**ASSIGNMENT**
Only the lines from the top of the listing below to the line that has "استخر چشمه بلقیس" should be echoed, with both ends kept and pictures left out.

──────

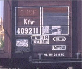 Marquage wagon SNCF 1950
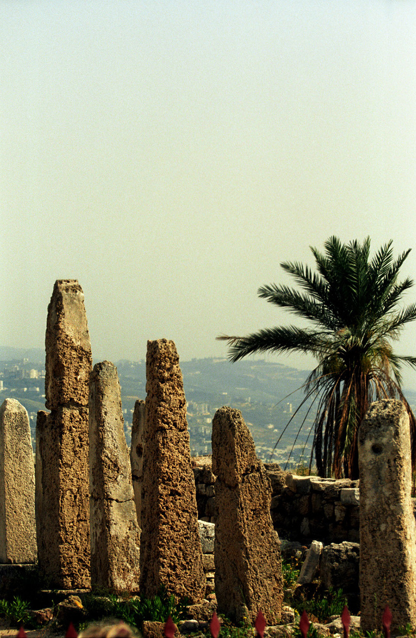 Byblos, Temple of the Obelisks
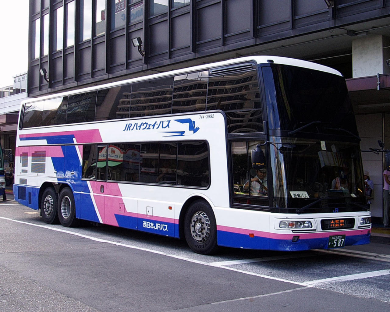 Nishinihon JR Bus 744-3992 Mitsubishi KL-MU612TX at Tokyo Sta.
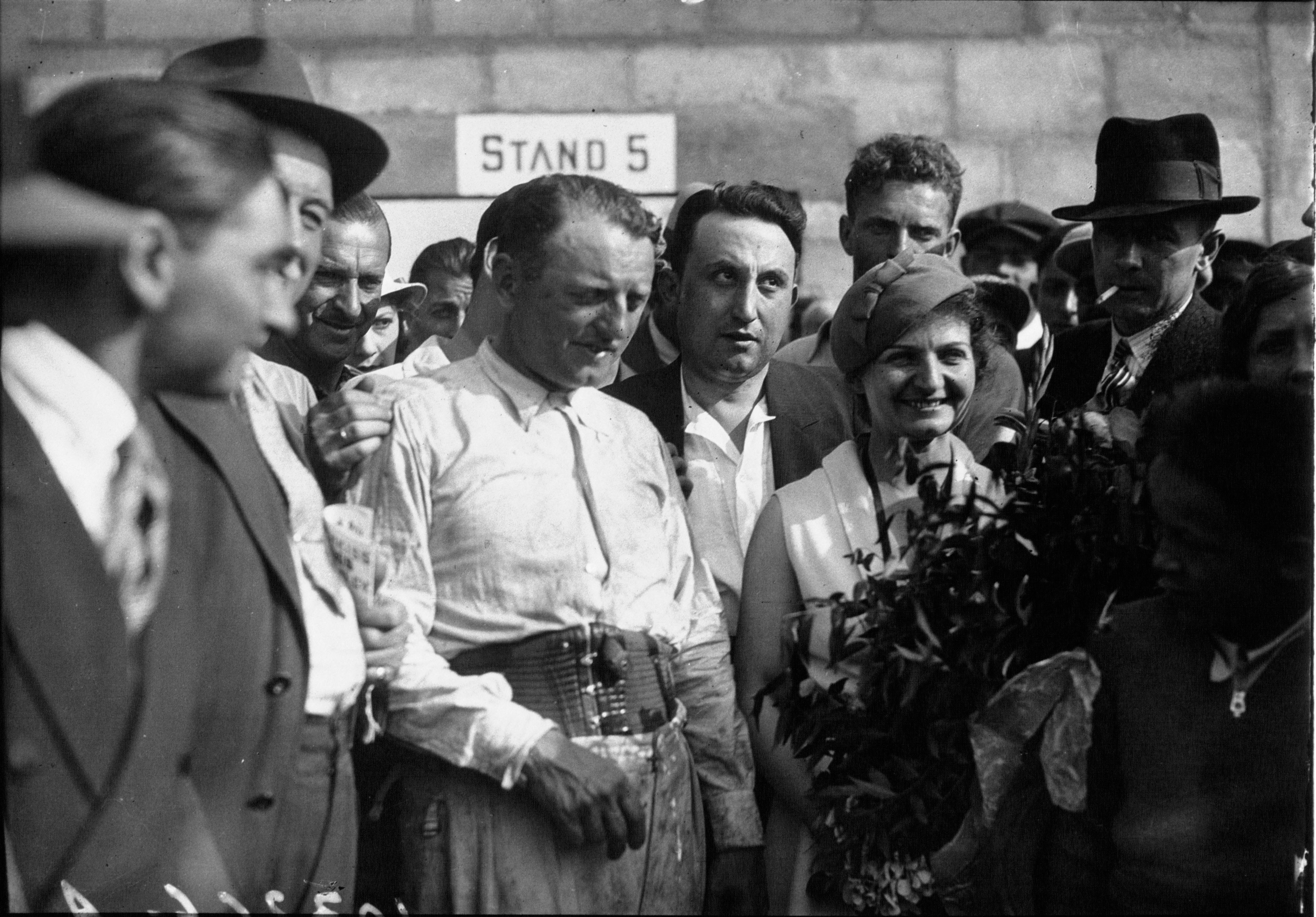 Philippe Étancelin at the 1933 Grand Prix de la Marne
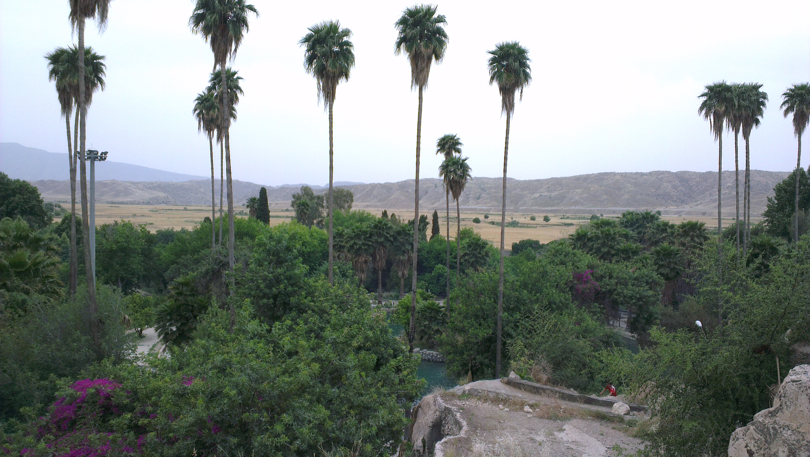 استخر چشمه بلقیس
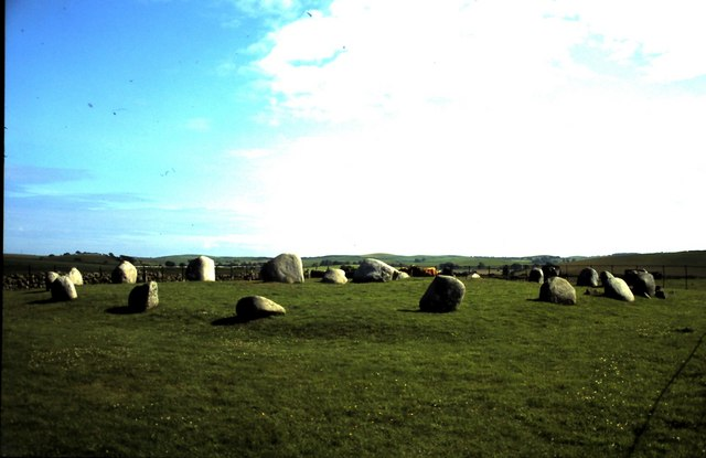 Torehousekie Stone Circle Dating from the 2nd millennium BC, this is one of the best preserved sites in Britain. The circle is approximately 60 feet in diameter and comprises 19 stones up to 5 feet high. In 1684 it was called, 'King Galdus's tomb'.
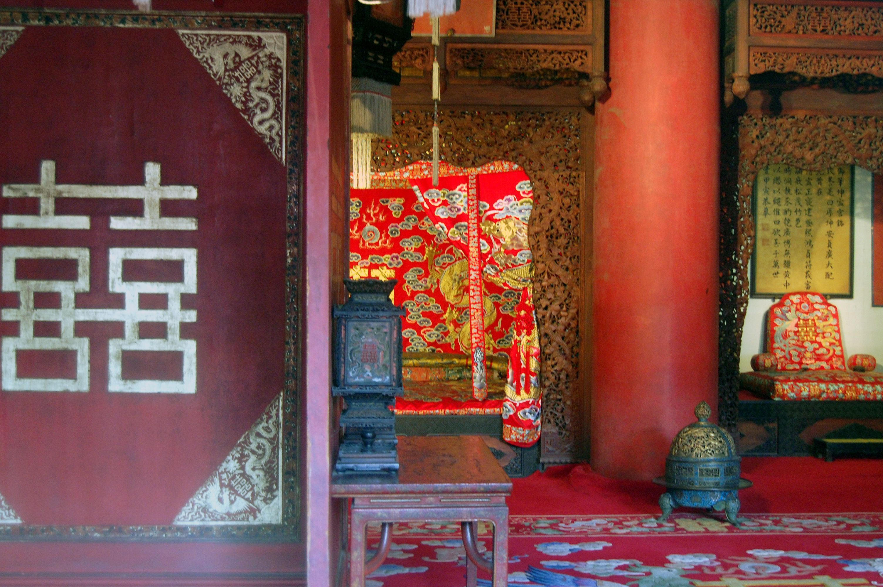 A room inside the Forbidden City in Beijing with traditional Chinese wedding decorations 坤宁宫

──────

**ANSWER SPACE**
 Marquage wagon SNCF 1950
 Byblos, Temple of the Obelisks
 Nishinihon JR Bus 744-3992 Mitsubishi KL-MU612TX at Tokyo Sta.
 Philippe Étancelin at the 1933 Grand Prix de la Marne
 استخر چشمه بلقیس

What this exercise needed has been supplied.